Ivan Milat


When a pair of trail runners discovered the decomposing corpses of Caroline Clark and Joanne Walters buried under sticks and leaves in Belangalo State Forest on Spetember 19, 1992, it was only the beginning of what would eventually result in the capture of Australia's most famed serial killer. Over the next month searchers would discover five more bodies stowed away in the woods of the park, ending the mystery of the disappearances of foot travelers in the area.

The bodies discovered by the runners were identified as Clark and Walters, both of whom were British and traveling together on foot. They had last been seen over five months before. Soon the remains of hitchhikers James Gibson and Deborah Everlist, last seen near the forest in 1989, were found. Almost a month later Simone Schmidl, a hitchhiker who disappeared in January of 1991, was discovered under the now-familiar pile of brush. When a pair of jeans found near Schmidl's body were found to be the property of yet another missing person, the searching continued. Predictably, the jeans' owner, German Anja Habschied, and her boyfriend Gabor Neugebauer were found nearby dead. The young couple had been missing since December of 1991.

Aside from the obvious similarities between the way all the victims had disappeared and been disposed of, their causes of death were a bit dissimilar.Clark had been stabbed in the chest area, Clark had been stabbed and shot in the head several times, Gibson had been repeatedly stabbed, Everist had been slashed in the face in additon to her stab wounds, Schmidl had also been stabbed, Habschied was decapitated, and Neugebauer had been shot in the head five times with the same weapon that killed Walters.
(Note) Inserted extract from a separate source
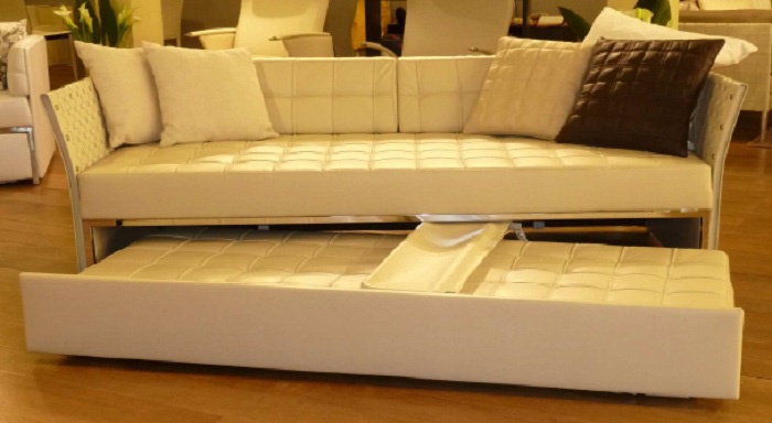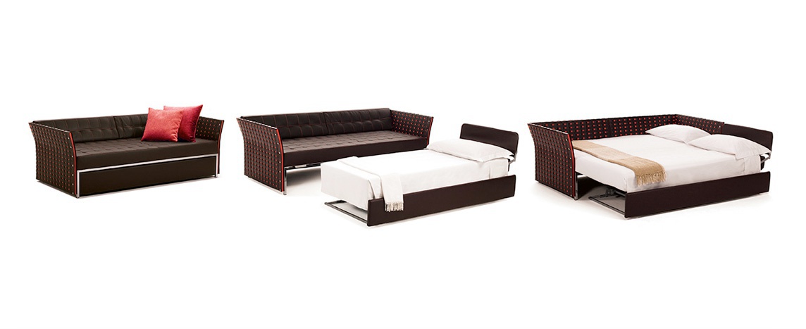 Three-seater sofa Canestro from the Italian manufacturer Zani. Model with roll-out single bed. The frame is made of solid fir and metal, the filler is polyurethane foam of different hardness and Dacron. Back cushion is goose down and polyurethane foam. Legs in polished chrome steel. Provided roll-out single bed, which can stand alone or up against the sofa, forming a great sleeper. Upholstery - leather with decorative stitching. As in the photo. Color in stock.

The stabbing victims all had a unique injury, though, a stab wound to the upper back that severed the victim's spinal cord and rendered them helpless. Also, many of the victims were partially undressed with their pants buttoned but not zipped. Evidence of crude bondage and strangulation was present in most of the cases.

Authorities were stumped by the case until 1993 when a man named Paul Onions identified Ivan Milat as the person who attacked him after picking Onions up near the forest three years before. Milat and his brother Richard were already suspects in the killings, though police knew that Richard had been at work on the days of the abductions. Ivan Milat was soon charged with Onion's assault and all seven murders. Faced with some very damning evidence at trial Milat feebly tried to explain on the stand that he was the victim of an elaborate set-up perpetrated by his own family. Predictably, he was found guilty on all counts on July 27, 1995, and sentenced to prison for life.

Milat has stated plans to escape at every opporunity but thus far has not made good on the threat. He has, however, attempted to kill himself at least twice after swallowing such materials as razor blades and staples.

In June of 2001 Milat appeared at an inquest into the deaths of three women in 1978 and 1979. Robyn Hickie, 17, Amanda Robinson, 14, and Leanne Goodall, 20, all disappeared from an area north of Sidney under similar circumstances as Milat's known victims. Though Milat atended the inquest, he offered nothing to help investigators and denied having known the women or ever having picked up a hitchhiker in that area.